Une voix à gauche.—Depuis 1815.

M. le ministre.—Elles sont naturelles. Elles su retrouvent dans tous les pays où le gouvernement représentatif est en vigueur.

Il y a des hommes qui ont cherché leur point d'appui, leur allié nécessaire; celui sans lequel ils n'auraient pas eu la majorité, de ce côté de la Chambre (la gauche); je ne leur en fais en aucune façon un reproche...

M. de Malleville, et plusieurs autres membres.—Vous l'avez fait comme eux!.... Et la coalition!

M. le président.—L'orateur ne doit pas être interrompu!
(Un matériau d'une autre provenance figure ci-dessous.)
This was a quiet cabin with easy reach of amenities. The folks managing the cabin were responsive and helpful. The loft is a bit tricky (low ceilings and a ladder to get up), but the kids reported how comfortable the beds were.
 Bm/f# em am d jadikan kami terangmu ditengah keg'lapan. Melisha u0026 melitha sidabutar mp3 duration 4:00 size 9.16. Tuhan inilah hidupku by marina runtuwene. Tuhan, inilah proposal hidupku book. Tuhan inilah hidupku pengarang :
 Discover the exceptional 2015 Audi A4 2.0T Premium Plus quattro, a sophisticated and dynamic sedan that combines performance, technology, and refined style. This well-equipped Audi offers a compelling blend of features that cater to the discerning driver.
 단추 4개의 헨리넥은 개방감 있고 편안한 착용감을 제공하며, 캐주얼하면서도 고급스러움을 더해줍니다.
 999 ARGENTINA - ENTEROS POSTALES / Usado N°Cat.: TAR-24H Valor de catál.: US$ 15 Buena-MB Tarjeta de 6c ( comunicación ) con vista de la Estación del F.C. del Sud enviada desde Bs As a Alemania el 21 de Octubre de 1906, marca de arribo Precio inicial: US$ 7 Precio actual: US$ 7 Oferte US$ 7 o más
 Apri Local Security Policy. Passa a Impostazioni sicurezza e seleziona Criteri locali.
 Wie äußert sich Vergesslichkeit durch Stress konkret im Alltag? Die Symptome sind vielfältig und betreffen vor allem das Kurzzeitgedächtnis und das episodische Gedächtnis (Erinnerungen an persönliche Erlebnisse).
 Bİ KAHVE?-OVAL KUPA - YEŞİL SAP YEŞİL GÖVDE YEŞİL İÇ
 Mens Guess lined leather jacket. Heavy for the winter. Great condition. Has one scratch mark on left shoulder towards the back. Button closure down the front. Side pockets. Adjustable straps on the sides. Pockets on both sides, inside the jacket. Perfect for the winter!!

M. le ministre.—On parle de la coalition. (Ah! ah!) Soyez tranquilles, messieurs; je ne donnerai à personne, pas plus à propos de la coalition qu'à propos du rapport de l'honorable M. Jouffroy, le plaisir de me contraindre, malgré moi, à porter le trouble et la désunion dans la majorité. (Très-bien! très-bien!) Je refuserai...
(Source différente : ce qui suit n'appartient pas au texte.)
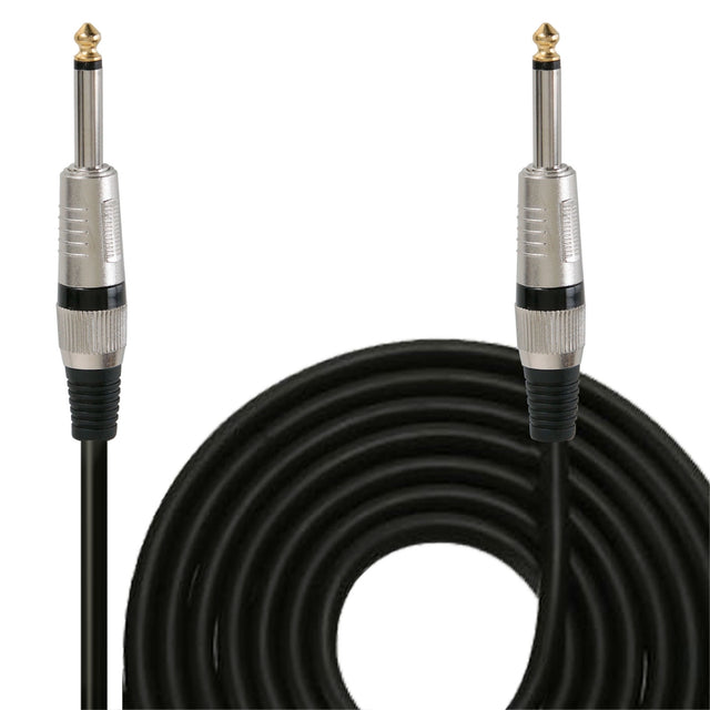 CONEXIÓN DE ¼” A ¼”: Este cable de guitarra es atible con la conexión de audio jack mono de ¼” a jack mono de ¼” y es capaz de transportar alta corrie lo que lo hace perfecto para amplificadores potentes LONGITUD DEL CABLE DE 15 PIES: este cable de altavoz profesional negro de 15 pies de Pyle Pro le brinda suficiente espacio para moverse para actuaciones enérgicas en el escenario y aún así brinda la mejor entrega de audio CALIBRE 12: este cable de calibre 12 garantiza la claridad de la señal y la integridad del sonido con una pérdida de señal mínima en distancias más largas. SONIDO DE ALTA CALIDAD: No hay necesidad de preocuparse por el sonido interrump la estática o la pérdida de calidad durante un concierto importante porque este cable de altavoz está fabricado con una construcción muy duradera y ofrece un rendimiento superior sin ru estática ni zumbidos. Una conexión macho de 1 4" a macho de 1 4" Forro de cable negro 15 pies de largo
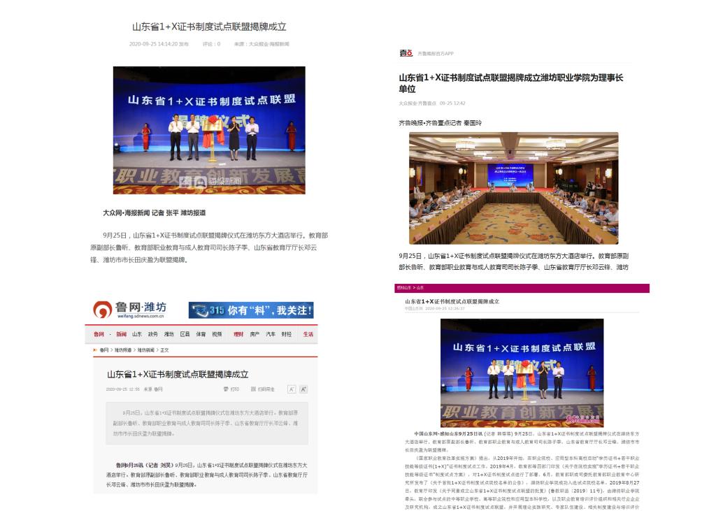 联盟成立后,在社会引起广泛反响,人民网、山东电视台、大众日报、山东教育电视台、潍坊日报、网易等多家新闻媒体进行了集中报道和现场直播,详细介绍了bv伟德牵头组建山东省1+X证书制度试点联盟的情况。
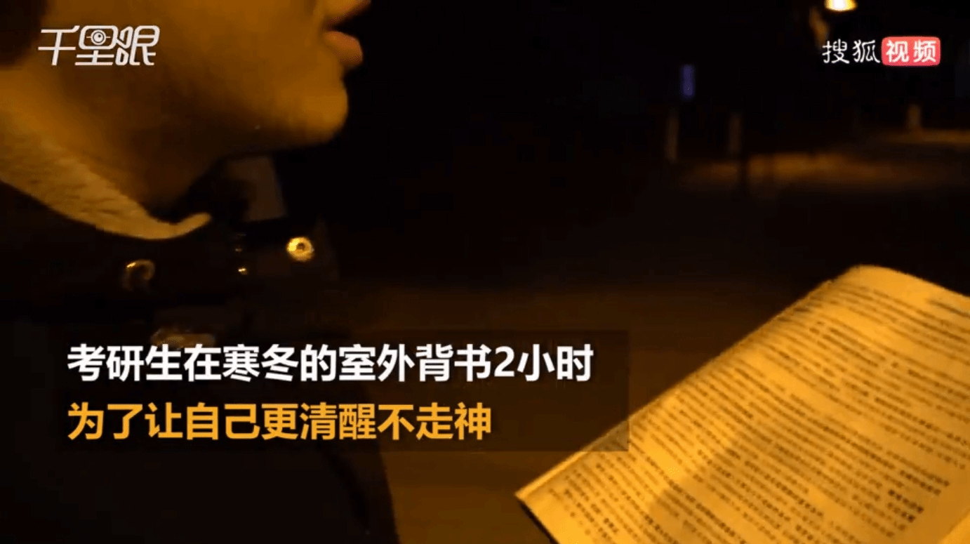 搜狐視頻報(bào)道我校考研生在寒冬的室外背書2小時(shí),為了讓自己更清醒不走神

Voix diverses.—Ah! ah! c'est plus facile!

M. le ministre.—Je refuserai les discussions qui ne me paraissent pas convenir à la politique que je veux faire prévaloir, comme je refuse les discussions sur la politique extérieure, quand je crois que le moment n'en est pas venu.

Une voix.—C'est commode.

M. le ministre.—Je dirai un seul mot, et l'honorable M. Odilon Barrot sera témoin de la vérité de ce que je dirai. Quand les débats de la coalition se sont engagés, j'ai pris le soin, non pas implicitement, mais formellement, de déclarer que je restais attaché à la politique que j'avais constamment soutenue depuis la Révolution.